IDA International
- Headquarters: 10 Pasir Panjang Road. #10-01 Mapletree Business City. Singapore 117438
- Key people: Yong Ying-I (Ms) (Chairperson) Vincent Wong (CEO)
- Parent: Infocomm Development Authority of Singapore
- Website: www.idainternational.sg

= IDA International =

IDA International was a wholly owned privatised subsidiary of the Infocomm Development Authority of Singapore.
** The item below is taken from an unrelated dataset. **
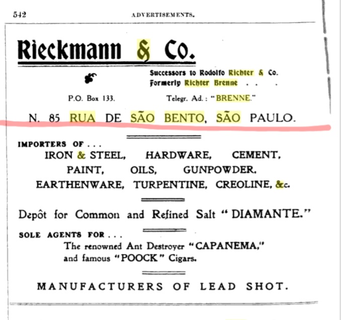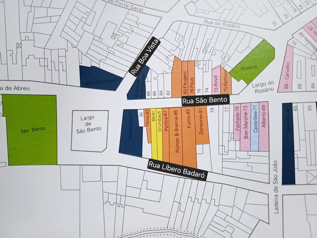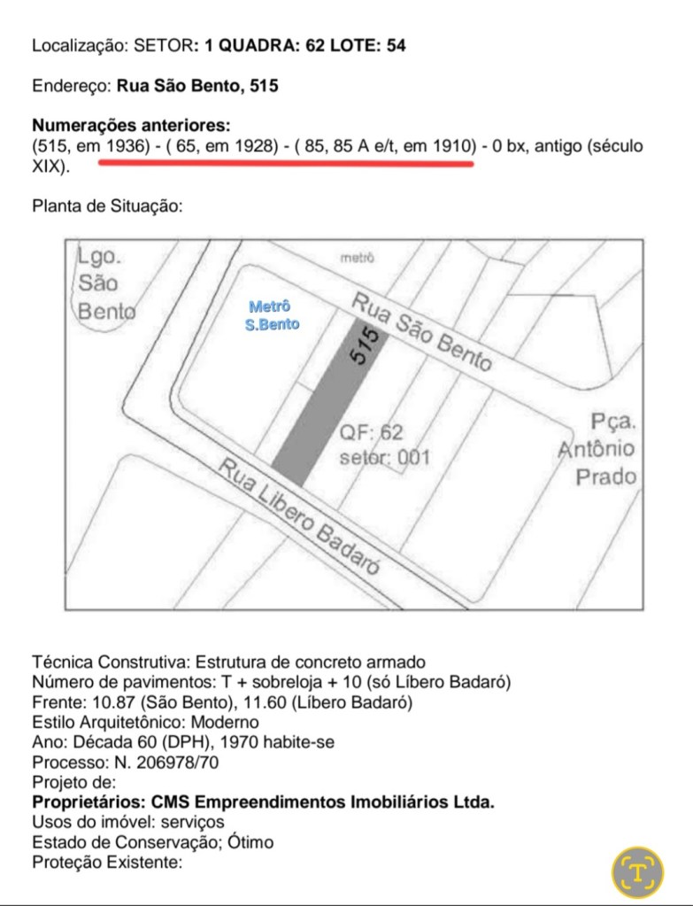 Interessado em saber onde estaria localizado atualmente o antigo número 85, visitei a Rua São Bento por diversas vezes com informações desencontradas . Então, resolvi recorrer ao Acervo do Arquivo Histórico Municipal em março de 2020 para consultar os livros de Emplacamento. A numeração dos imóveis sofreu alterações nas primeiras décadas do século XX devido às mudanças do “Marco Zero da Capital” e o sistema de medição dos imóveis em relação ao início da Rua. Finalmente encontrei a sequência das alterações, resultando enfim ao atual Número 515.

IDA International's operations ceased by 31 March 2016 due to a strategic realignment by IDA.

== History ==
Singapore has been consistently highly placed in global and regional rankings for infocomm developments and usage of infocomm. In 2009 and 2010, Singapore topped the Waseda University World e-Government Ranking. Singapore topped The World Bank's Ease of Doing Business Index for the fifth year in a row, making among countries that took the most steps to make it easier for local companies to operate.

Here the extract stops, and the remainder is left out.